Durand and Chase, with Michael Hampton, recorded one album, 2004's This Is Where We Live, as Paco.

Chase's solo project, Brookville, released three albums: Wonderfully Nothing (2003), Life in the Shade (2006) and Broken Lights (2009). In November 2012, Brookville changed their name to Camera2, releasing the "Just About Made It" single, followed by EP releases in 2013 and 2014.

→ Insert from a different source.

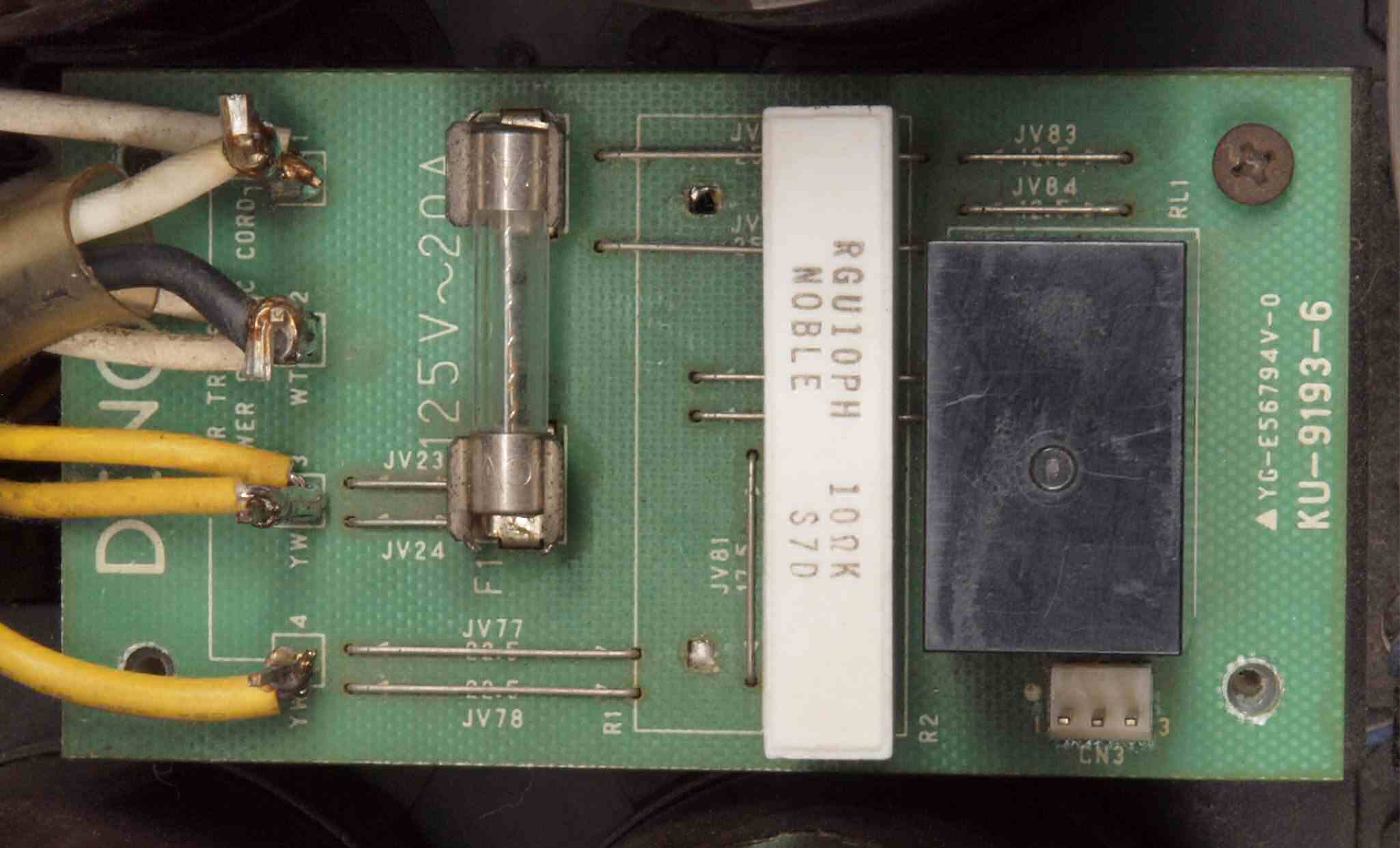 | CF1. 修理前 突入電源抑制回路基板。 抵抗が1本になっている! | ||||||||||||||||||||||||||||||||||||||||||||||

In his video "How Music Should Sound," Rick Beato mentioned he played with the band for "about six weeks" in 1994.

== Discography ==

- Realistic (1995)
- Apartment Life (1997)
- Long Distance (2000)
- Guestroom (2002)
- In the Clear (2005)
- All Hours (2011)
- Traces of You (2025)

==Film and TV work==
===Film work===
- There's Something About Mary (1998) – featured "This Is the Day" and "I Get the Message"
- The Rage: Carrie 2 – (1999) featured "Quick, Painless and Easy"
- Me, Myself & Irene (2000) – featured a cover of Steely Dan's "Only a Fool Would Say That"
- Angel Eyes (2001) – featured "Edge of the Ocean" on the official soundtrack
- Shallow Hal (2001) – featured a score by Ivy as well as "Edge of the Ocean" and "I Think of You"
- Orange County (2002) – featured "I've Got a Feeling"
- Insomnia (2002) – featured "One More Last Kiss"
- Before Sunset (2004) – featured "Edge of the Ocean"
- Bee Season (2005) – featured "I'll Be Near You"
- Numb (2007) – featured "Thinking about You" and "Edge of the Ocean"
- Shanghai Kiss (2007) – featured "Nothing But the Sky"
- Music and Lyrics (2007) – featured "Edge of the Ocean" during the end credits (Schlesinger also wrote three of the songs in the movie)

===TV work===
- Get Real – "I've Got a Feeling" was featured in the episode "Big Numbers"
- Alias – "Edge of the Ocean" was featured in the season 1 episode "Time Will Tell"
- Veronica Mars (UPN series) – "Edge of the Ocean" was featured in episodes "Meet John Smith" and "One Angry Veronica"; "Feel so Free" in "Clash of the Tritons"; and "Ocean City Girl" in "Ahoy, Mateys!"
- Roswell – "Undertow" was featured at the end of "Heart of Mine"; the band appeared as themselves in 2001 episode "To Have and to Hold" and performed "Edge of the Ocean"
- The 4400 – "Worry About You" was featured in the pilot episode
- Kingdom Hospital – "Worry About You" was used as the theme song
- Grey's Anatomy – "Edge of the Ocean" was featured in 2005 episode "Shake Your Groove Thing", and "Feel So Free" in 2005 episode "Raindrops Keep Falling on My Head"
- Pinoy Big Brother – Season 2 – "Worry About You" was featured in multiple episodes
- LAX – "Nothing But the Sky" was featured in the final episode of the series
- Witchblade – "Undertow" was featured in season 1 episode "Legion"
- Sleeper Cell – "Undertow" was featured
- Felicity – "I've Got a Feeling" was featured in the pilot and first-season finale
- Senseo coffee makers featured "Edge of the Ocean" in a commercial
- No Good Nick (Netflix Original Series) - "Edge of the Ocean" was featured in the final episode as Nick's goodbye letter.